Reading inflation in Iran
There seems to be considerable confusion in the Iranian media about the pace of inflation. Since inflation is the main concern of the new Rouhani economic team, getting the facts right about its pace, whether it is rising or falling, is extremely important. There are questions about the accuracy of the official inflation figures, much of it exaggerated, but the most common source of confusion is not about the accuracy of official data but how to read them.
There are at least three ways to interpret the same price index number: point-to-point (which divides the index in one month by its value 12 month earlier), the average annual rate (a 12-month moving average and the government’s favorite when inflation is rising and wants to minimize it), or the monthly rate (which is closest to the speed with which prices are increasing at any particular time and therefore less amenable to manipulation).
There are three official price series (and 75 million unofficial ones!): the Central Bank of Iran (CBI) index of urban prices (1390=2011/2012=100), the Statistical Center of Iran (SCI) urban index (1390=100), and the SCI rural index (1381=100). All three series track each other fairly closely. Here are the monthly inflation rates based on the urban indices of CBI and SCI (annualized for purposes of comparison with the annual rates):
(For an updated graph click here.)
The striking feature of this graph is that inflation has been declining nearly every month since Esfand 1391 (April 2012), long before the Rouhani administration took office.
Now compare this graph to the one for point-to-point inflation (the moving average graph, which is what the CBI usually announces, looks very similar):
Which graph do you look at if you are the governor of the Central Bank of Iran? Clearly, the answer is the one with the monthly rates. The point-to-point graph is misleading because it places the easing of inflation in mid-1392 (summer 2013), whereas the first graph shows that it started six month earlier.

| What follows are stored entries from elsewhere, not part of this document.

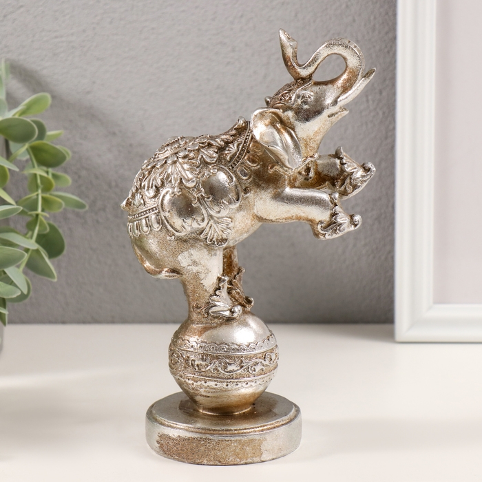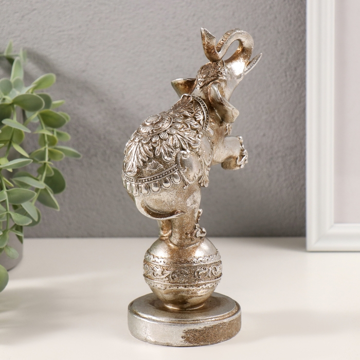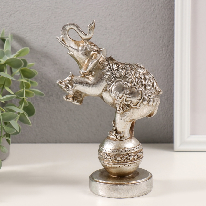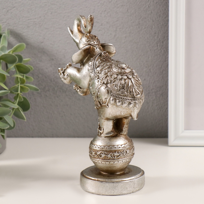 Сувенир полистоун "Слон цирковой на шаре с узорами" серебро 11,5х7х18,5 см
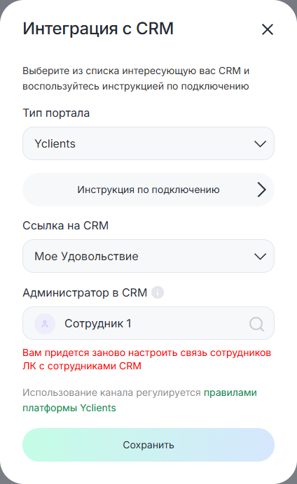 3. В поле «Ссылка на портал» выберите филиал Yclients/Altegio.
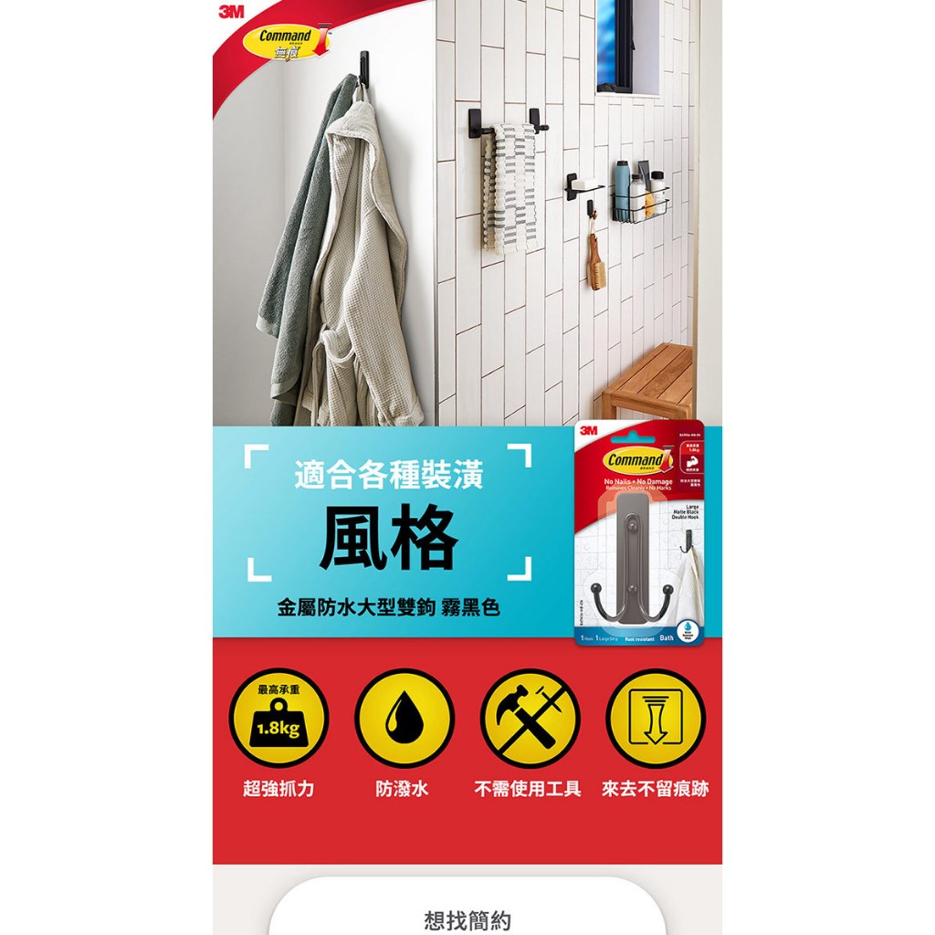 3M 無痕 金屬防水大型雙鉤-霧黑色3M 無痕 金屬防水大型雙鉤-霧黑色Hooks3M 授權官方旗艦館
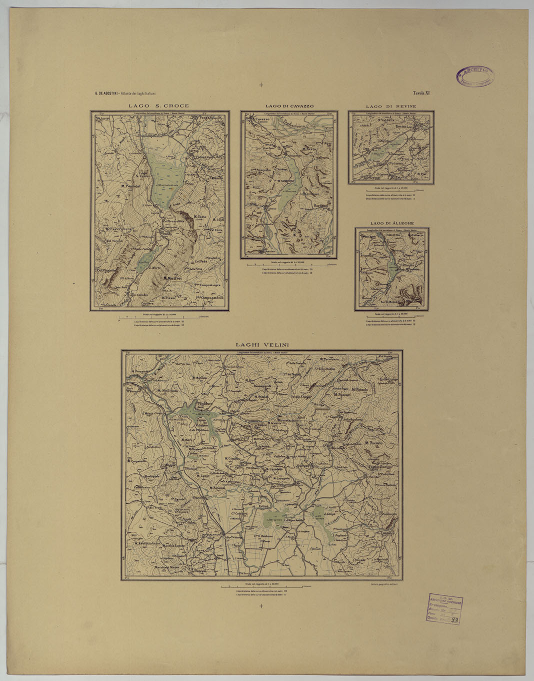 ATLANTE DEI LAGHI ITALIANI TAV XI 2° COPIA LAGO S. CROCE DI CAVAZZO DI REVINE DI ALLEGHE E LAGHI VELINI
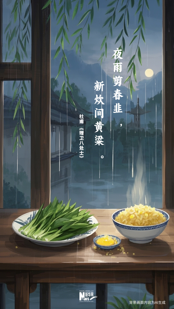 韭菜是春季应时蔬菜。杜甫这首诗中所说的春韭,又称韭黄,指的是韭菜刚刚发芽时的状态。春天万物生发,中医认为春日宜养肝,韭菜正是养肝佳品。春雨过后,韭菜嫩绿如丝,搭配新煮的黄粱米饭,简朴美味。春韭炒鸡蛋、春韭炒肉都非常好吃。

Looking at the point-to-point inflation is like trying to decide if someone is driving dangerously by looking at her average speed during the past hour instead of at how fast she went around a bend (also measured per hour). Cops and traffic judges work with the actual and not some average speed, so should monetary authorities. The whole point of generating timely price data is to know the actual speed at which prices are rising, not their average over the past 12 months.
Why does this matter? Part of the answer is quite obvious. Why should monetary authorities be reacting to high inflation that occurred several months ago now if it has subsided already? The less obvious answer is that they may want to tighten the money supply further, and letting on that inflation is coming down will weaken the resolve of the nation to tolerate austerity. In Iran, at this juncture, exaggerating the inflation rate helps the opponents of the energy price reform — the middle class, energy using businesses in industry and agriculture, among others — to press the government to hold off in raising energy prices and look elsewhere to fix the large budget deficit.
How inflation figures are read in Washington also matters because the dominant thinking on Iran is that continuing high inflation past Rouhani’s election shows that the sanctions continue to hurt, and Iran is in a weaker position than it says it is, so a better deal is possible by being very tough in negotiations (as they seem to be in Geneva this week according to the New York Times).